La scintilla scocca fra le parole, la poesia di Agi Mishol
È curata da Anna Linda Callow e da Cosimo Nicolini Coen la prima edizione italiana delle poesie di Agi Mishol, considerata da molti la più importante poetessa israeliana vivente. Ricami su ferro – che sarà presentato oggi pomeriggio (ore 18.00) alla Claudiana dall’autrice, che dialogherà con i curatori del volume e Sara Ferrari, con letture di Miriam Camerini -, questo il titolo della raccolta da poco uscita per i tipi di Giuntina, con i testi pubblicati sia in italiano che in ebraico, è un volume in cui la scrittura è parte di quella stessa quotidianità raccontata nei versi. In Scrivere l’autrice ne racconta il senso più profondo: “La scrittura è la più tortuosa delle vie / per ricevere amore […] è chinarsi sulle parole / finché non si trasformano in porta / e allora farvi irruzione”. Come spiegano i curatori per lei la scrittura è importante come respirare, mangiare, dormire, e la riflette come in uno specchio. Ogni fatto, banale come importante, è mediato dal potere infinito delle parole. Si tratta anche di un’espressione d’amore radicale per l’ebraico, lingua che consente a Mishol di esprimere gli altri amori che strutturano una raccolta che non si pretende esaustiva ma costituisce un buon punto di partenza per far conoscere al pubblico italiano una delle voci poetiche maggiormente note e apprezzate in Israele, già tradotta in numerose lingue europee e non.
“Per le prime generazioni di poeti della letteratura ebraica moderna, la scrittura è stata non soltanto un ‘microfono attaccato alla tempia’ (Scrivere), sorta di megafono dell’interiorità, ma anche, e forse soprattutto, il luogo e lo strumento in cui una nuova interiorità si andava costituendo, come Ariel Hirschfeld – proprio nel merito del ruolo giocato dalla lingua le ebraica nelle vicende dello Yishuv, prima, e dello Stato d’Israele poi – ha ricordato”, scrivono i curatori.
“Non potrei parlare, scrivere, sentire in nessun’altra lingua” ha affermato Mishol nel film Misafa lesafa. D’une langue à l’autre di Nurith Aviv, con un atteggiamento che mescola fierezza e stupore che si ripropone anche nel suo amore per la natura e per la terra.

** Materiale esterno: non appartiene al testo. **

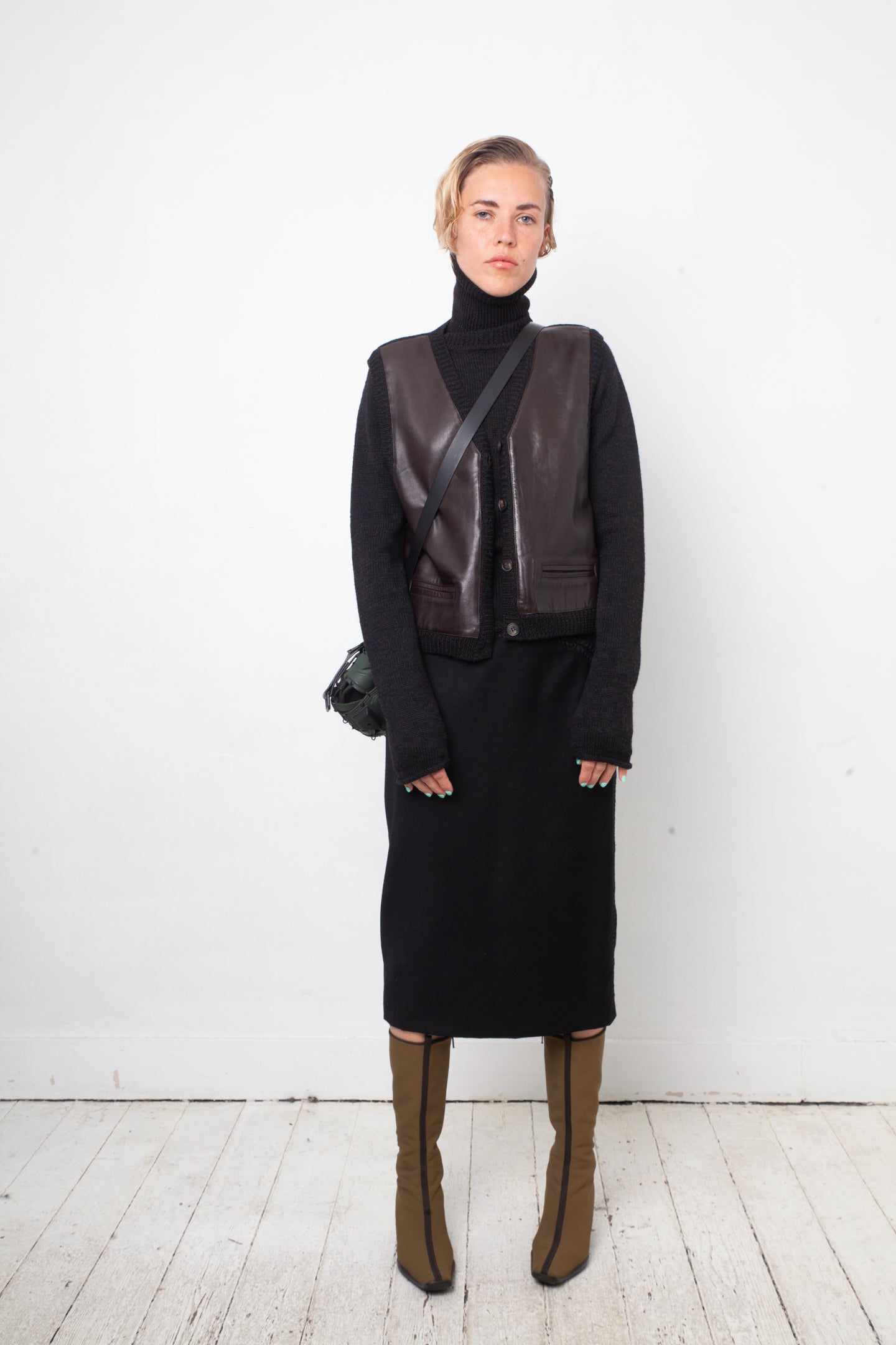 For a quintessentially 90's look, smart & functional, this DKNY twinset composed of a black turtleneck and a matching leather and wool gilet.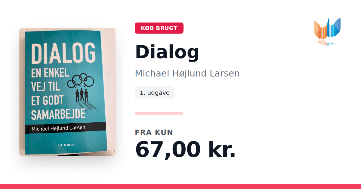 Lige nu kan du købe "Dialog" af Michael Højlund Larsen til kun 67,00 kr. Bogen du ser her er brugt, og i god stand. Vi har i øjeblikket kun et enkelt eksemplar til salg af "Dialog", så slå til mens du kan!

“Vi è del resto un’analogia tra il lavoro della terra e il lavoro sulla lingua, entrambe questioni centrali e cariche di rimandi nella storia del ritorno del popolo ebraico alla Terra di Israele, entrambi campi dove un faticoso lavoro ha dato storicamente i propri frutti. Mishol tuttavia non manca di sottolineare le differenze tra gli esiti che si danno nell’ambito della natura, da una parte, e quelli auspicabilmente realizzabili nel dominio delle lettere, dall’altra. Infatti mentre ‘Nel frutteto aleggia un pensiero / senza pensatore / sulla mancanza di fantasia della natura. / Ogni cosa a suo tempo. La tristezza / infinita del circolo. / L’offesa dell’unica scelta. / Nessun caco produrrà un cetriolo’ (Notturno II).” Suggeriscono i curatori che esiste per Mishol un primato della parola sulla realtà naturale, come se la scrittura potesse sostituirsi alla madre biologica, costituendo una via di scampo quando l’esistenza sembra escluderlo.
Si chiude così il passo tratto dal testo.